2 Dans la pratique, il faut être disponible au placement dans les 30 jours pour pouvoir être considéré comme chômeur.

3 Armstrong et Taylor (1981) parviennent au même résultat en utilisant une fonction de demande de facteur travail qui dépend de la production anticipée.

Figure 2.1

La courbe de Beveridge.

Source: Franz (1991, p. 106).

La figure 2.1 trace une courbe de Beveridge théorique. La droite à 45 degrés représente l’ensemble des points où le nombre de chômeurs est égal à celui des places vacantes, U = V. Les mouvements le long de cette droite à 45 degrés indiquent des changements du niveau du chômage d’équilibre4 . Les déplacements le long d’une même courbe sont d’ordre conjoncturel. Tout point sur la courbe, tel B, se situant au-dessous de la droite à 45 degrés témoigne d’une phase de faiblesse de la demande globale. Symétriquement, une situation telle que celle représentée par le point C est synonyme d’une phase de haute conjoncture. Une augmentation du chômage de A à B serait donc entièrement expliquée par des arguments d’ordre conjoncturel (symbolisés par la baisse des places vacantes). Par contre, un mouvement de A vers D, qui produit une augmentation simultanée de U et de V, implique un déplacement de la courbe de Beverigde et donc une augmentation du chômage naturel. Le passage du point A au point E combine les deux effets. L’emplacement d’une économie sur la courbe fournit donc de l’information tant sur

la position de cette économie dans le cycle que sur le chômage naturel qui la caractérise.

1.3 Le comportement cyclique de la relation U/V et le chômage d’équilibre

D’après Blanchard et Diamond (1989), le comportement conjoncturel de la relation U/V est plus complexe que celui que nous venons de décrire. Afin d’analyser la dynamique conjoncturelle séparément, Blanchard et Diamond la modélisent en l’isolant des chocs de nature durable.

Figure 2.2

La courbe de Beveridge d’après Blanchard et Diamond.

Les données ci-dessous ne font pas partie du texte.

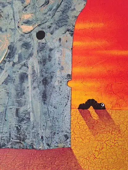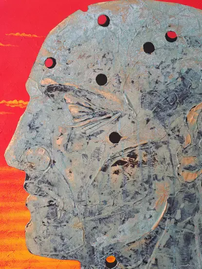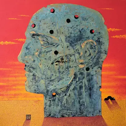 "Ruins of Consciousness" This provocative piece is a philosophical journey through the layers of the human psyche. At its center stands a monumental profile, its surface resembling weathered patina or ancient stone—a symbol of accumulated experience and resilience. The piercing "voids" and fragmented textures reveal a fragile architecture of thought, where memories fade, leaving space for emptiness or new manifestations. The intense red background and cracked earth evoke a sense of existential isolation, while the small figure in the corner emphasizes the vast scale of our inner world compared to objective reality. "Ruins of Consciousness" is not merely a portrait of decay, but an exploration of transformation. The painting invites the viewer to ask: what remains of us when the outer layers are stripped away? It is a perfect centerpiece for collectors who value art with deep psychological resonance and striking visual contrast.
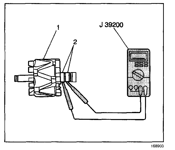 2. Measure the resistance between the rotor slip rings (2) and the rotor (1) using the J 39200. If the resistance is less than 5 ohms, replace the rotor.
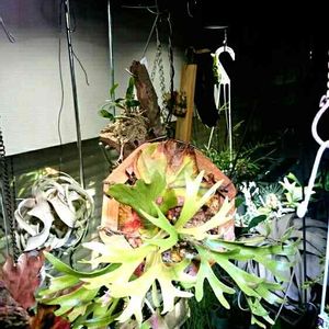 中庭のビカク部、チランジア部は、部員が増え、随分賑やかになりました。 GSの皆さんみたいにゆとりを持って格好良く飾りたいけど、今は引っ掛けるので精一杯 もうすぐ横に塊根部が引越してくるので、さらに賑やかになりそう(;´Д`A
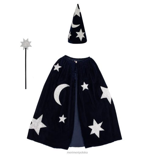 Połączenie luksusowego niebieskiego aksamitu ze srebrnymi, brokatowymi gwiazdkami i księżycami sprawia, że ten kostium jest wyjątkowy. po prostu owiń pelerynę, załóż kapelusz i machaj różdżką z gwiazdą, aby w ciągu kilku sekund wyglądać jak czarodziej. idealnie nadaje się na imprezy lub do zabawy wyobraźnią.
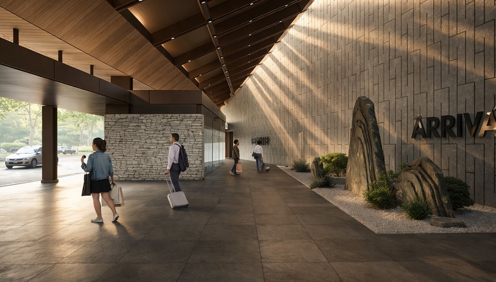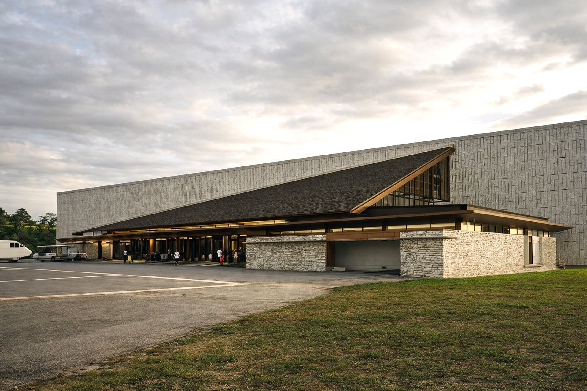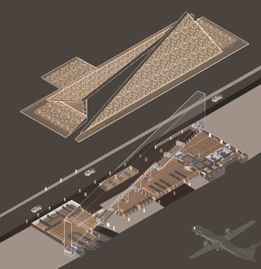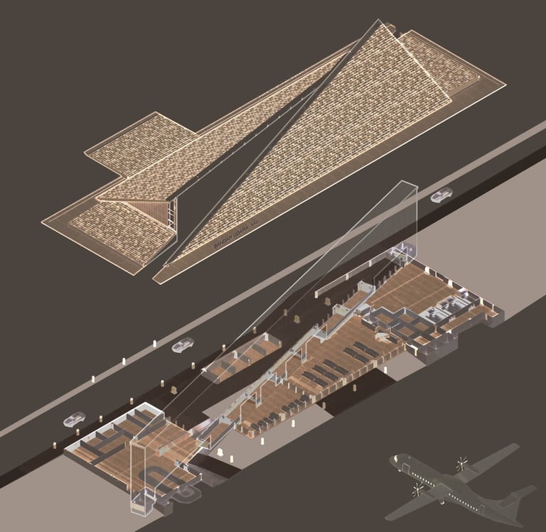 is a concept which driven by symmetrical patterns found in the local ornaments. The balanced roof was developed not just figuratively but also literally. A giant wall cut through diagonally into the site driven by structural grids, this automatically creates two zonation, the curb and the boarding area. A mirroring structures are erect on both zones with tilted large roof overhangs which sliced by the diagonal walls to reformed the building silhouette. As a result, the building mass conveys an effortless landmark on the exterior while maintaining different optical interior qualities for the users to perceive, which conclude the embodiment of Paritas Rabung.
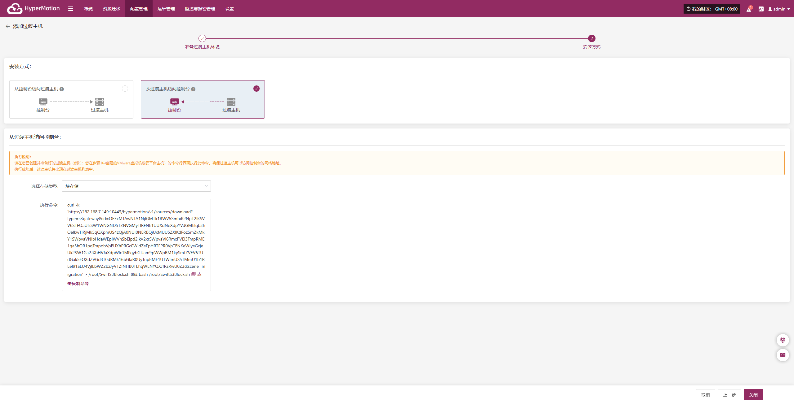 请在您已创建并准备好的过渡主机(例如:您在“添加过渡主机”步骤中创建的VMware虚拟机或云平台主机)的命令行界面复制并执行此命令。确保过渡主机可以访问控制台的网络地址。
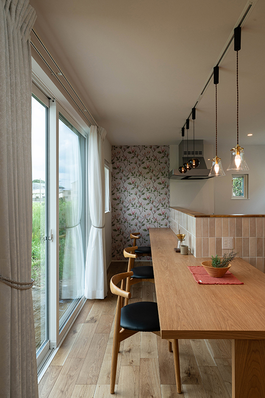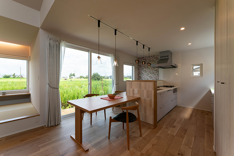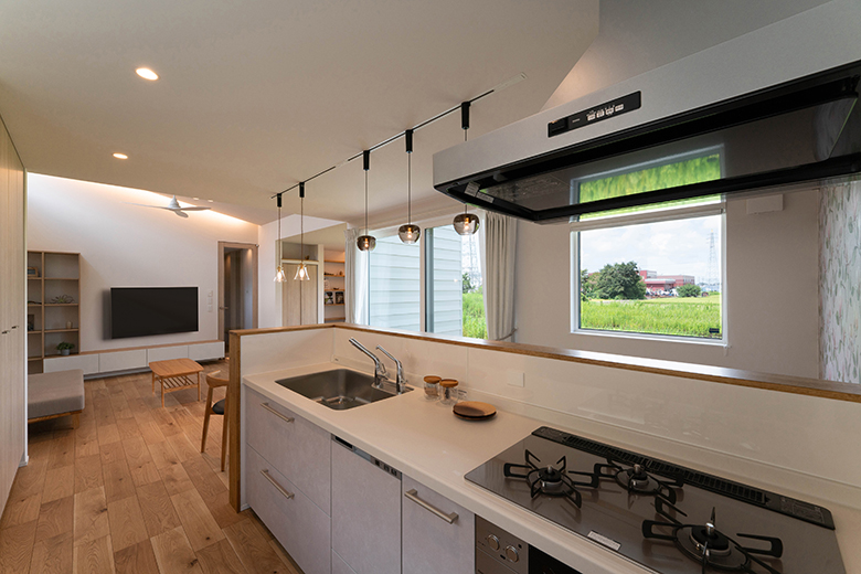 LDKはあえて北向きに配置し、やわらかな自然光を取り入れながら、キッチンからも美しい景色が楽しめるように。
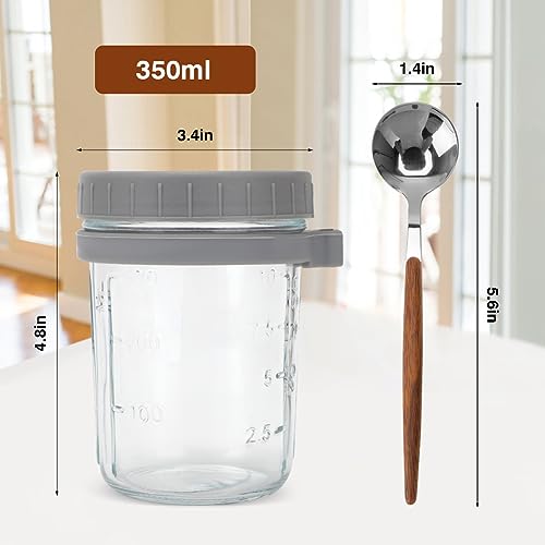 CEWROM Overnight Oats Jars, Riutilizzabile Tazza Yogurt e Cereali Set 2, 350ml Bicchiere con Coperchio e Cucchiaio Tazza per Cereali Portatili Porta Yogurt per Insalate Latte Cereali Frutta ecc
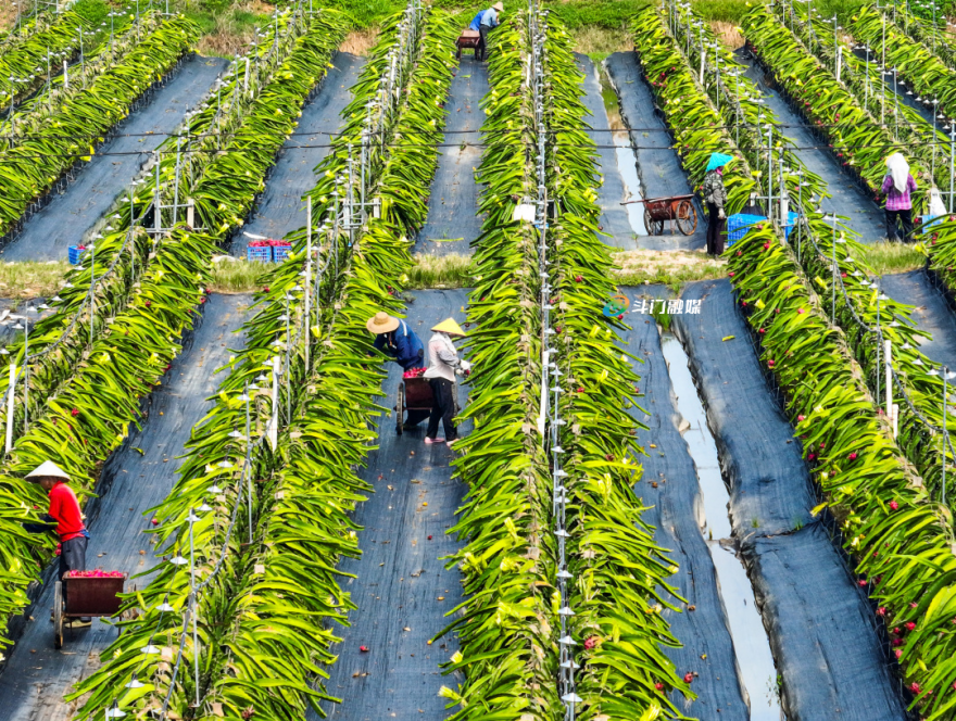 皮薄肉厚的火龙果,一口咬下去,玫红色的汁液顺着果实流淌。水肥一体化系统、真空预冷系统、质量安全追溯体系……口感极佳的火龙果背后,是各种现代化农业装备的加持。
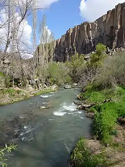 The Melendiz River (Turkish: Uluırmak [1]), is a stream forming the Ihlara Valley in the territory of the Aksaray Province, Turkey. In ancient times, its name was Potamus Kapadukus (Cappadocia River). It arises from Melendiz Mountain (Mt. Melendós in antiquity), passes through Ihlara Valley and Aksaray city center and empties into Tuz Lake.
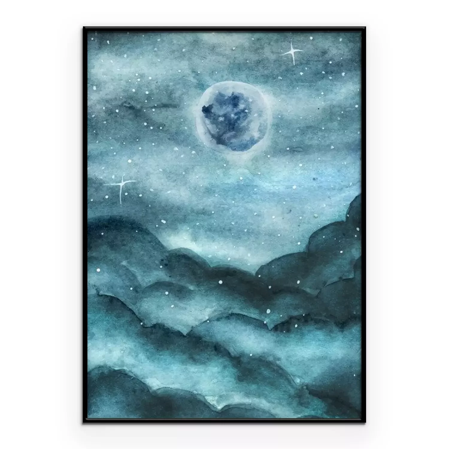 Poster : Paysage verdâtre à l'aquarelle avec la Lune

Source: Blanchard et Diamond (1989, p. 37).

La figure 2.2 schématise cette dynamique conjoncturelle. Plutôt que de varier le long d’une même courbe, les variables symbolisant les places vacantes et les chômeurs suivent un mouvement en boucle dans le sens contraire à celui des aiguilles d'une montre autour du point d’équilibre stationnaire. Cette dynamique est dictée par le fait que les places vacantes et le nombre de chômeurs ne réagissent pas

avec la même rapidité aux changements de l’activité de production. Ainsi par exemple, à partir du point G, il est probable que la reprise de l’activité favorise une augmentation des places vacantes initialement plus rapide que la diminution des chômeurs. Lorsque la phase de croissance s’achève, on revient vers le point I, puisque la quantité de chômeurs continue pendant un certain temps de diminuer alors que l’apparition de nouvelles places vacantes se ralentit. L’évolution dans les phases de récession s’explique de manière analogue.

Cet argument a d’importantes implications pour l’identification empirique du chômage naturel. L’extrapolation du point où U = V, comme l’avaient suggéré Armstrong et Taylor (1981), risque de conduire à des estimations imprécises du chômage naturel. Le point estimé peut varier entre H et K et ces deux limites seront d’autant plus éloignées que la boucle définie par la dynamique conjoncturelle est large. Or, par définition, les trajectoires de la boucle sont provisoires et leur point d’intersection avec la droite à 45 degrés ne peut pas être considéré comme un point d’équilibre.

Toutefois, comme on le verra plus loin, dans le cas de la courbe de Beveridge suisse, cette dynamique conjoncturelle n’est pas très marquée. Par conséquent, au cours d’un même cycle, les approximations réalisées pendant les phases de croissance et de récession aboutissent à des résultats très semblables.